Advertising Storyboard

The term brief is used to mean that a client for an advertising project (such as a brand management team) is
informing, or briefing, an advertising agency of the client’s expectations for a proposed advertising campaign. A
creative brief is an informal pact between client and agency that represents agreement on what an advertising
campaign is intended to accomplish. Although creative briefs vary in terms of their degree of specificity, most briefs
would minimally include following sections:

I. Background
The initial question that must be addressed is: What is the background to this job? The answer requires a brief
explanation regarding why the advertising agency is being asked to perform a certain advertising job. What is it that
the client wishes to achieve with the campaign? For example, the purpose may be to launch a new brand, gain back
lost sales from a competitor, or introduce a new version of an established product. Part of the background
explanation would include analyses of the competitive environment and cultural dynamics related to the product
category that could influence the brand’s success potential.

II. Target Audience


Whom do we need to reach with the ad campaign? This is a precise description of the exemplary target market. With
knowledge of the behavior-graphic, psychographic, demographic, or geodemographic characteristics of the intended
customer, creatives have a specific target at which to direct their efforts. This is as essential in advertising as it is in
certain athletic events. For example, the late golf sage Harvey Penick offered the following advice to pupils trying to
improve their golf games: “Once you address the golf ball, hitting it has got to be the most important thing in your
life at that moment. Shut out all thoughts other than picking out a target and taking dead aim at it.” His point to
golfers about taking “dead aim” is also applicable to advertising creatives: You can’t hit a target unless you know
where to aim!

III. Thoughts and Feelings


What do members of the target audience currently think and feel about our brand? Here is where research and
account planning are needed as the foundation for the advertising job. The advice here is to perform research prior to
developing creative advertisements, ad creatives are then prepared to design research-based advertising that speaks
to the target audience in terms of their known thoughts and feelings about the brand rather than relying on mere
suppositions.

IV. Objectives and Measures


What do we want the target audience to think or feel about the brand, and what measurable effects is the advertising
designed to accomplish? This guideline simply reminds everyone what the client wants the advertising to
accomplish.
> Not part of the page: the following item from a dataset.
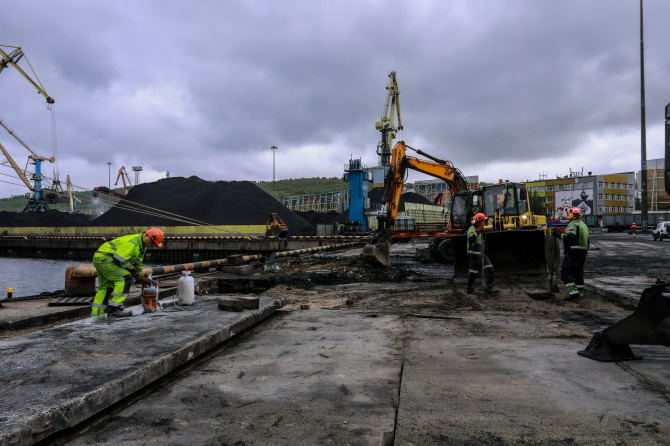 Старое покрытие полностью демонтируют, после чего проведут отсыпку песчаной и щебёночной основы, а затем уложат новые железобетонные плиты. Работы выполняет комплексная бригада №2 второго района порта. В процессе задействованы 3 единицы техники: экскаватор, погрузчик и гидравлический перегружатель.
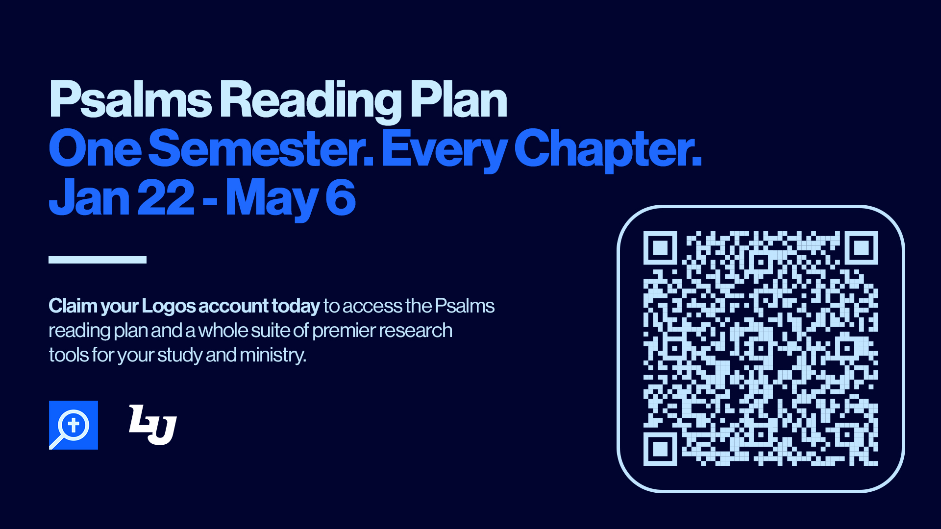 We’ve opened this plan to the entire university community! We’d love to have parents join in to follow the plan as well, so they can follow along with their students in studying God’s Word! The link to join the reading plan is: Psalms Reading Plan or use the QR code to the right.

It calls for a short statement about the crucial feelings or thoughts that the advertisement should evoke
in its intended audience. For example, the ad might be designed to move the audience emotionally, to make them
feel deserving of a better lifestyle, or to get them to feel anxious about a currently unsafe course of behavior. Is there
a current perception that needs to be changed? For example, if a large number of consumers in the target market
consider the brand overpriced, how can we change that perception and convince them that the brand actually is a
good value due to its superior quality? Knowing this, creatives can then design appropriate advertisements to
achieve that objective. Given multiple objectives, it is desirable to prioritize them from most to least important and
to focus on the most important objective.

V. Behavioral Outcome
What do we want the target audience to do? Beyond thoughts and feelings, this guideline focuses on the specific
action that the advertising campaign is designed to
motivate in the target audience. The advertising might be intended to get prospects to request further information, to
go online, to contact a salesperson, or to go to a retail outlet within the next week to take advantage of a limited-time
sales opportunity.

VI. Positioning
What is the brand positioning? The brand management team must clearly articulate the brand’s meaning, or what it
is to stand for in the audience’s collective mind. In this context, the creative brief might suggest to the advertising
agency a slogan the client wants to use for the brand or request ideas from the agency for alternative slogans that
might be used. The IMC Focus presents a number of well-known ad slogans and also provides information about
consumers’ ability to identify brand slogans correctly.

VII. Message and Medium


What general message is to be created, and what medium is most appropriate for reaching the target audience? This
guideline identifies the most differentiating and motivating message about the brand that can be delivered to the
target audience. It should focus on brand benefits rather than product features. Because credibility and believability
are key to getting the audience to accept the message proposition, this section of the creative brief supports the
proposition with evidence about product features that back up the claimed benefits. With respect to the appropriate
medium, it is the client’s job in concert with the ad agency to identify what medium (or media) is (are) best for
reaching the target audience - perhaps a series of TV commercials along with sup- porting magazine ads.

VIII. Strategy
What is the strategy? The response to this question articulates a specific advertising strategy to accomplish the job.
This strategy statement gives an understanding of how their creative work must fit into an overall marcom strategy
that includes elements other than advertising. For example, the strategy statement may indicate that in addition to
advertising, a new brand will be launched with a series of major events, an aggressive buzz-building campaign, and
online promotions to encourage consumer trial.

IX. Nitty-Gritty Details


When and how much? This section of a creative brief identifies the deadline for when the advertising job is to be
presented to the client for approval and specifies the budget for production of creative deliverables such as finished
TV commercials. A truly valuable creative brief requires that the document be developed with a full understanding
of the client’s advertising needs. It also necessitates the acquisition of market research data that inform the agency
about the competitive environment and about consumers’ current perceptions of the to-be-advertised brand and its
competition.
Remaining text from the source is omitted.